I'm really a loss here as as you said, it's just a django website with an nginx server in front of it. There is no other configuration. Hopefully someone will see this thread and possibly offer insight.
I know you can start your docker containers up with constricted resources. You could try doing this in your environment.
Seeing same thing here, about 700 mb memory usage
Seeing same thing here, about 700 mb memory usage
Managed to get it down by setting workers to 3 as above
Glad to hear. Perhaps the outcome of this is to not automatically generate the worker count based on the number of cpu cores (as documented by gunicorn), but fix it to a lower default value. It's set to a production setting now.
Apprise grants you the ability to override this which you're all leveraging here. So perhaps leaving it the way it is ideal, but instead just better document this memory issue you're having (and others too). The app consumes a small amount of memory, but your systems have a high core count(my guess) which makes it seem unreasonable? Is it fair to say that?
Thoughts?
Imho, this is about the expectation of usage vs resources
. Let's assume I use 1000 requests per day. Do I need 6x (my PC only had 6 cores) CPU resources and memories? Even one is more than enough. That's my credit.
Glad to hear. Perhaps the outcome of this is to not automatically generate the worker count based on the number of cpu cores (as documented by gunicorn), but fix it to a lower default value. It's set to a production setting now.
Apprise grants you the ability to override this which you're all leveraging here. So perhaps leaving it the way it is ideal, but instead just better document this memory issue you're having (and others too). The app consumes a small amount of memory, but your systems have a high core count(my guess) which makes it seem unreasonable? Is it fair to say that?
Thoughts?
Yeah, seems reasonable
I took @rasmusson agreement and @martadinata666's opinion and updated the README.md documentation accordingly.

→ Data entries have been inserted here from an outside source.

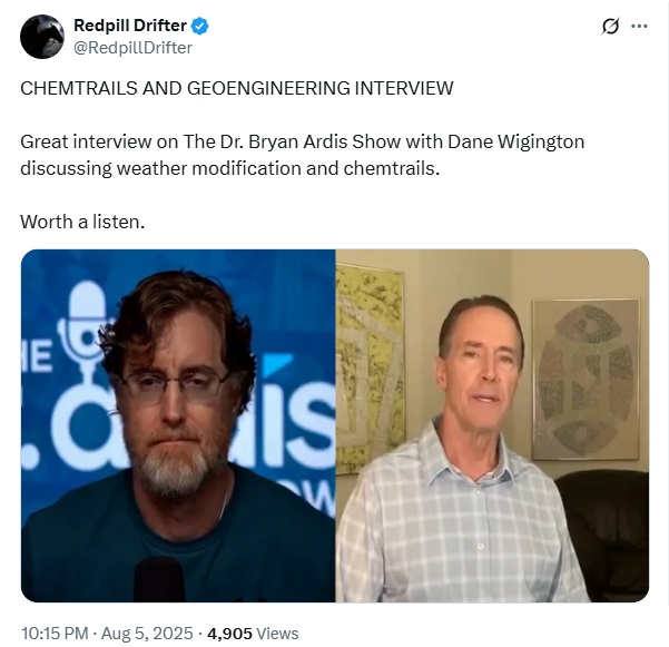Great interview on The Dr. Bryan Ardis Show with Dane Wigington discussing weather modification and chemtrails.
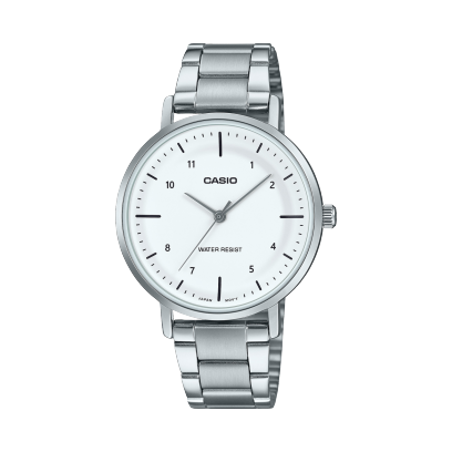 El Casio LTP-VT03D-7B es la expresión más pura del minimalismo: esfera blanca impecable, índices negros y una estructura de acero que proyecta elegancia moderna. Es un reloj ligero, versátil y atemporal, ideal para mujeres que buscan un estilo limpio y profesional.
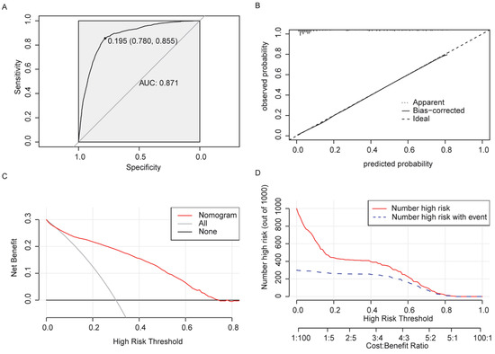 Nomogram was established according to the significant variables determined by multivariate logistic regression analysis (Figure 3). The HL test showed a p-value of 0.394 (greater than 0.05), indicating a good fit of the model. The ROC curve of the nomogram was constructed, and the results revealed that the AUC value of the model was 0.871, its cut-off value was 0.195, and the corresponding specificity and sensitivity were 0.780 and 0.855, indicating that this model had good predictive performance (Figure 4A). The C-index of the nomogram was 0.871 (95% CI 0.860–0.882), suggesting a good discriminatory ability of the model. We further employed the calibration curve to evaluate the agreement between the probability of occurrence of events predicted by the model and the actual probability of occurrence of events using the bootstrap method 1000 times (Figure 4B). Finally, we plotted DCA and clinical influence curves to observe the clinical utility of the model. DCA indicated that the nomogram had a wide threshold probability range and a positive net return (Figure 4C). In the clinical impact curve (Figure 4D), the red curve represents the number of people classified as positive by the model at each threshold probability and the blue curve represents the number of true positive people at each threshold probability, showing that with the increase of threshold probability, the accuracy of the prediction model for distant metastasis of PDAC was closer to the true value.
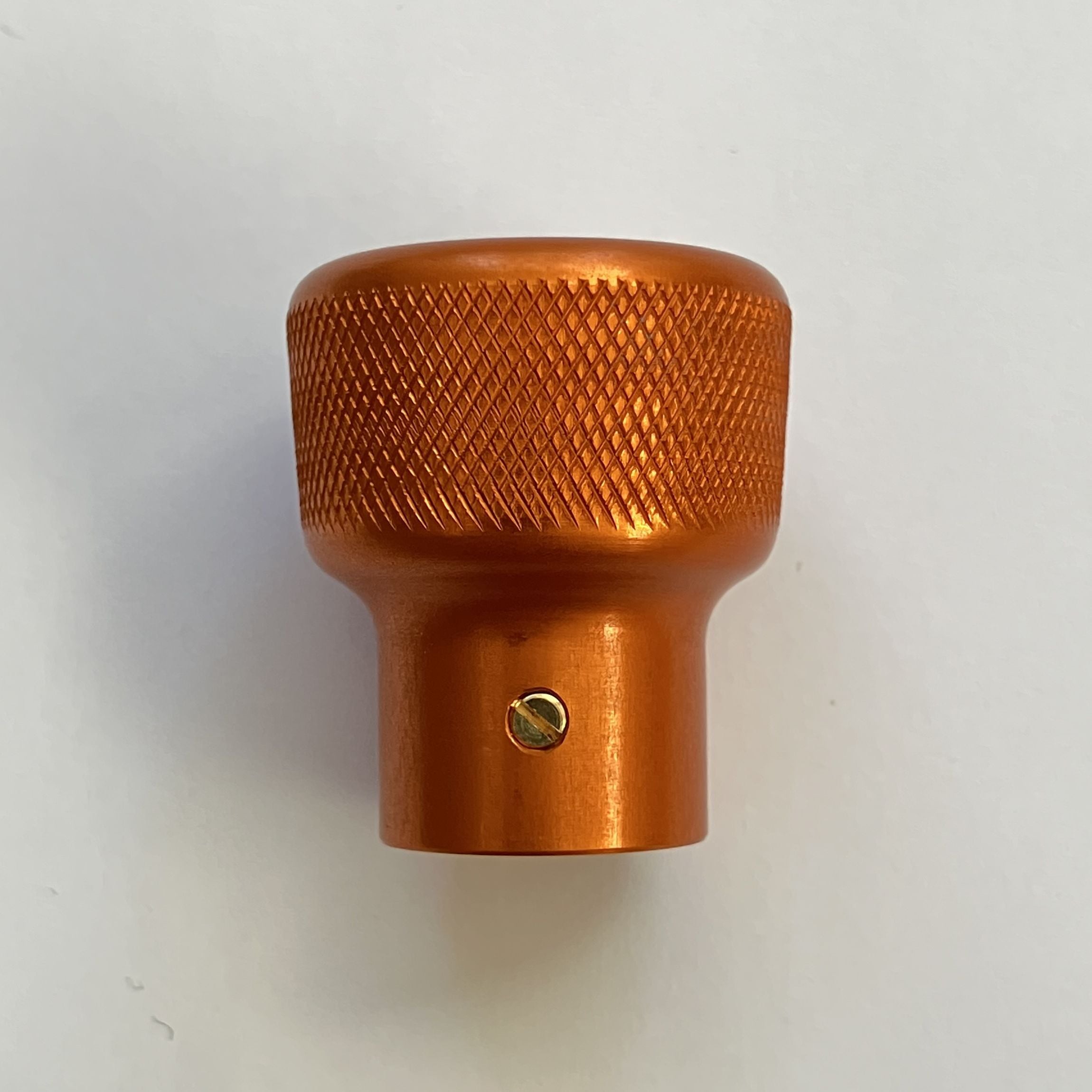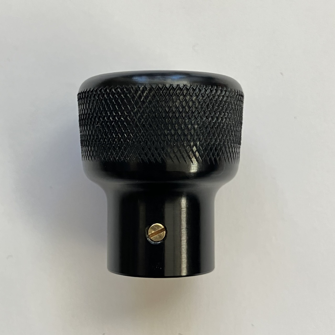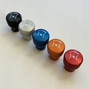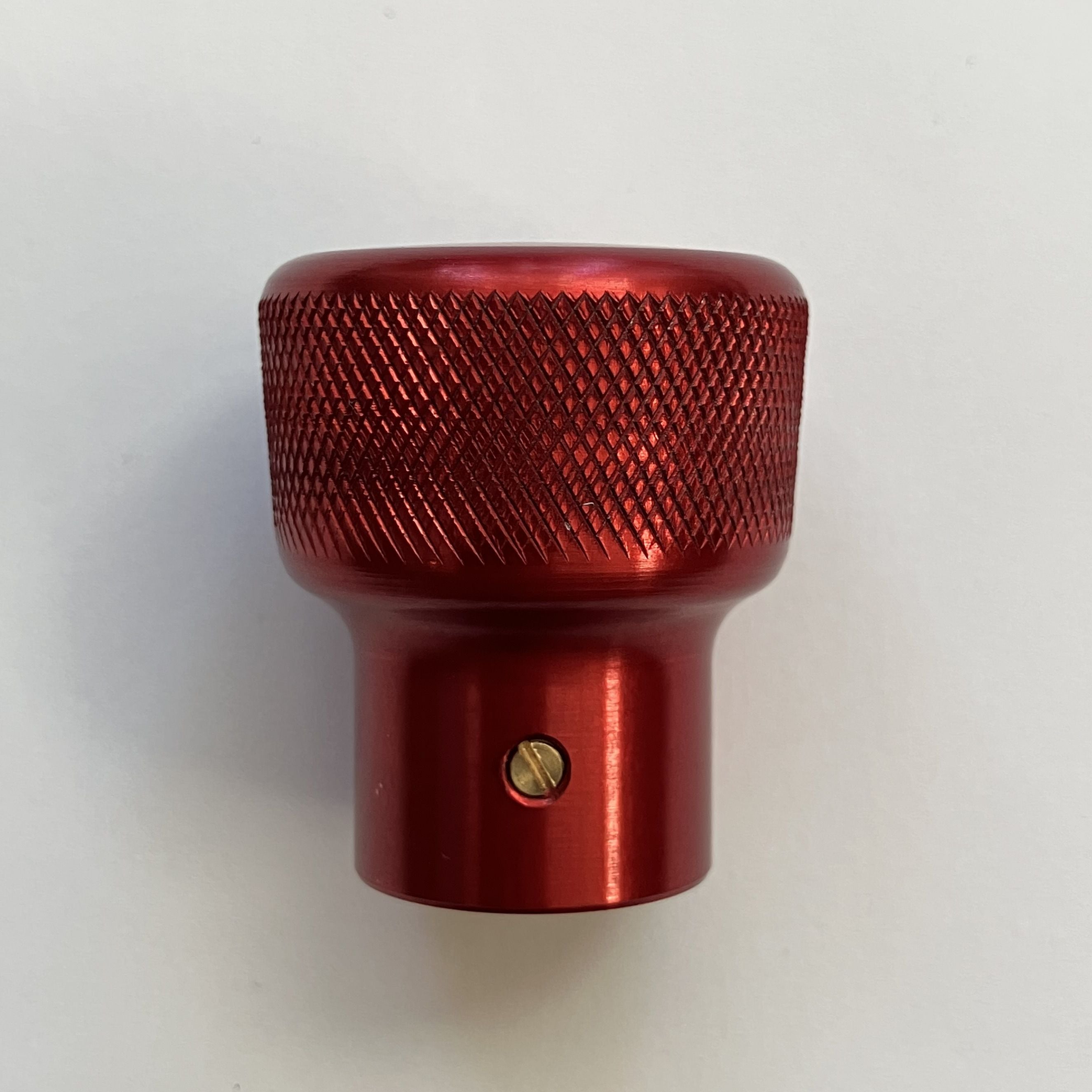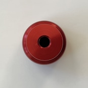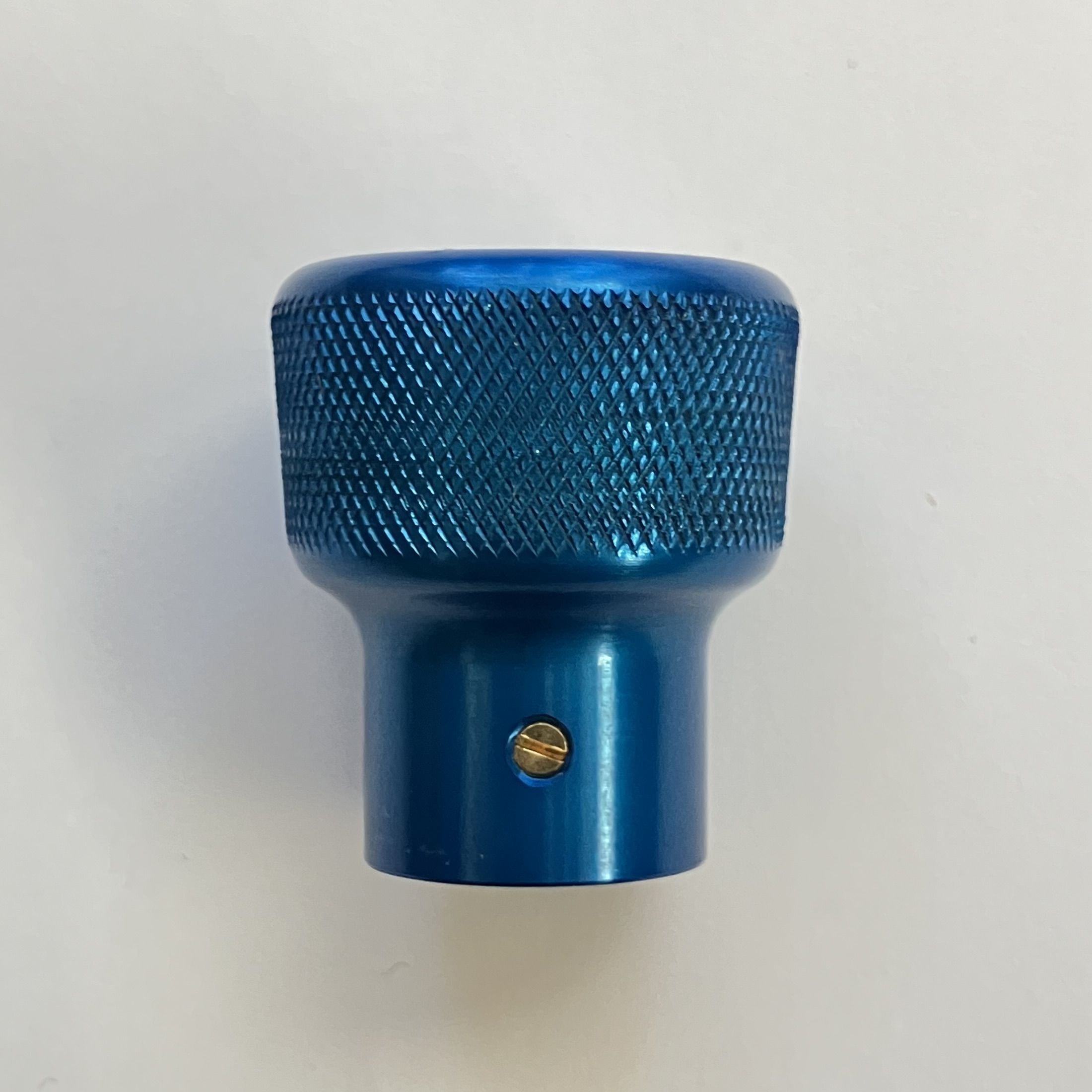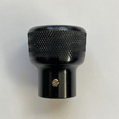 純正のスロットルコントロールノブはプラスチック製ですが、このスロットルコントロールノブはアルミ削り出しで製作しました。サイドにローレット加工を施し滑りにくくなっています。美しいカラーアルマイト仕上げはカスタム部品らしくワンポイントになります。ステアリングハンドルから見えるキラリと光るノブにニヤリとするでしょう。
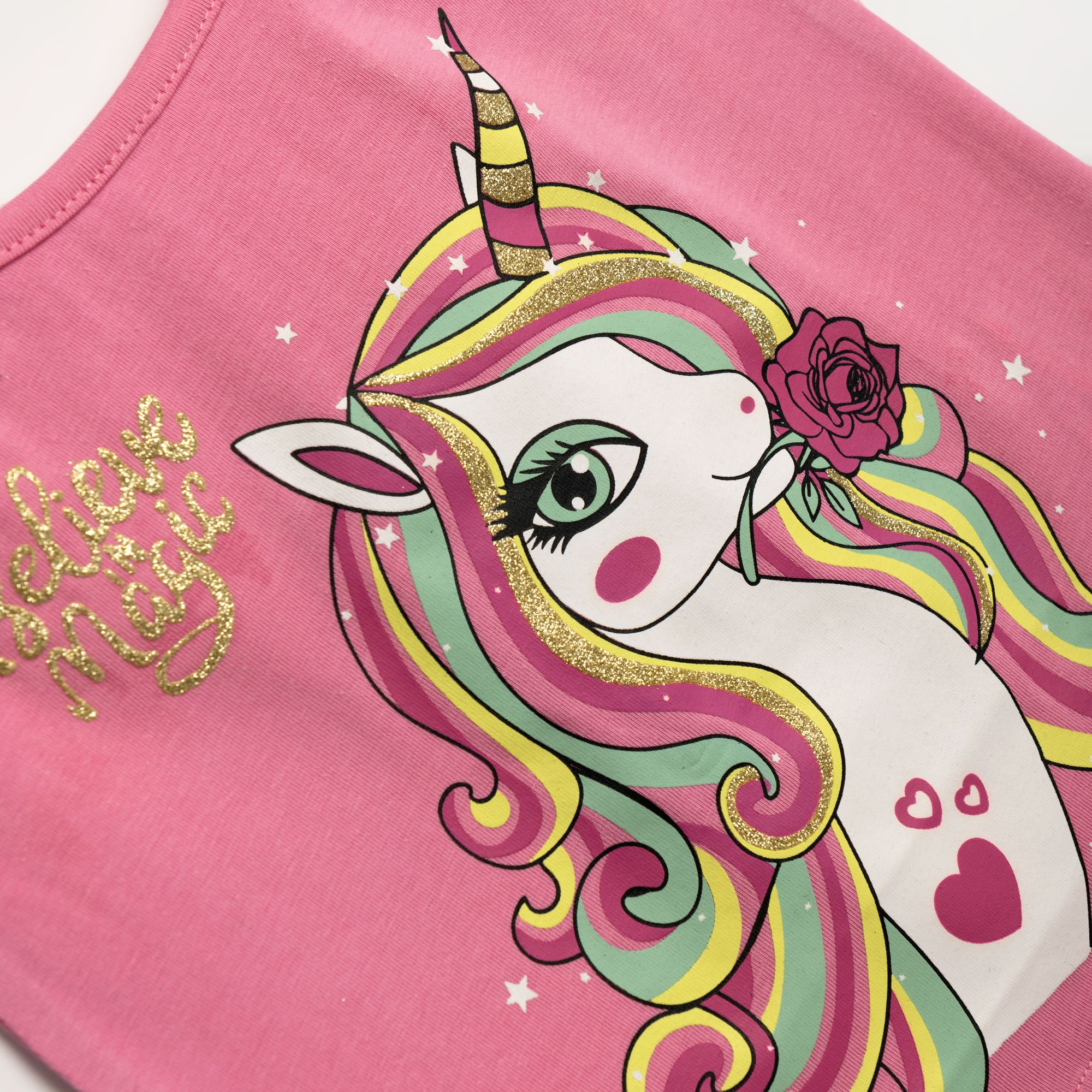 Σετ μπλούζα κάλτσα λύκρα με τύπωμα (μονόκερος) και σόρτς με τύπωμα σε χρώμα candy pink/φυστικί για κορίτσι 1-6 ετών
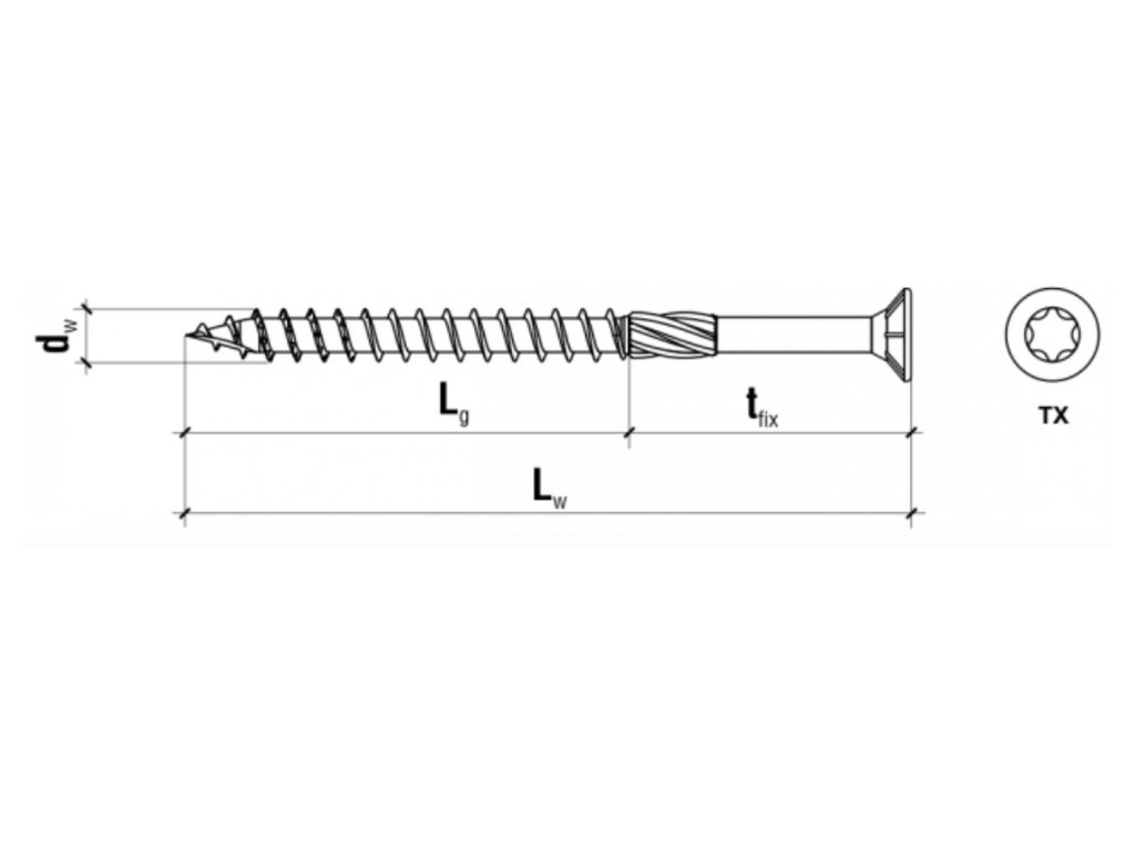 - Skrutky s hniezdom TORX sú vhodné pre spájanie drevených konštrukcií a iných prvkov ako napr. preglejka, drevo, OSB dosky.
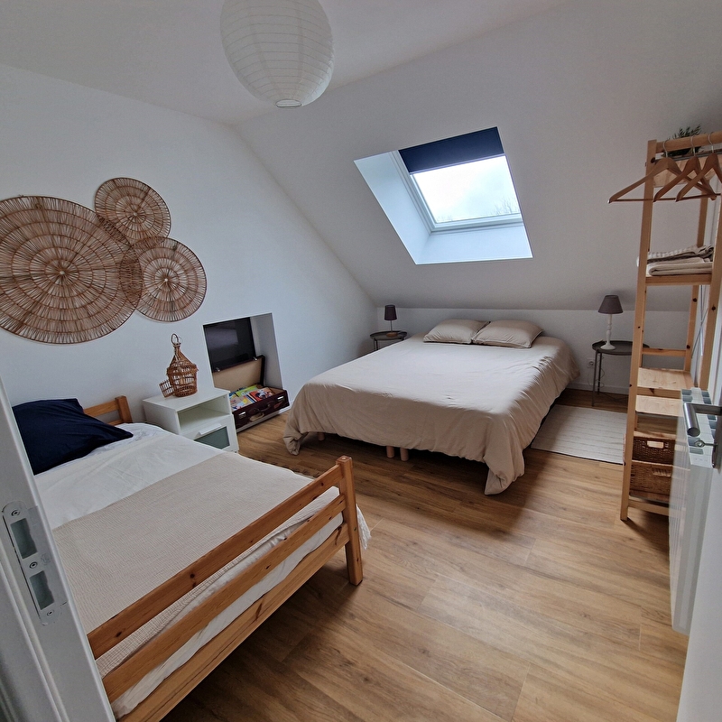 C'est une chambre familiale avec son lit double et son lit simple mais elle peut aussi se transformer en séparant le lit double en 2 lits individuels.

I think this should cover off this ticket unless there is any disagreement?
Thoughts?
Closing off issue! Thanks for your input everyone!
:question: Question
Seems like 400mb is a lot for the type of app Apprise is(?) and when I keep bumping up it's mem allowance 100mb at a time it just eats all of that up as well. I'm not even sending messages, it's basically just idle, and it looks like this (for example):
In this sample screenshot, it's eating 53% cpu, and almost all of it's 400mb memory allowance.
Also, there are a lot of warnings, terminations, timeouts, etc. in my log; is this how it's supposed to normally look (this is just a small section of the log. it's pretty much all like this though)?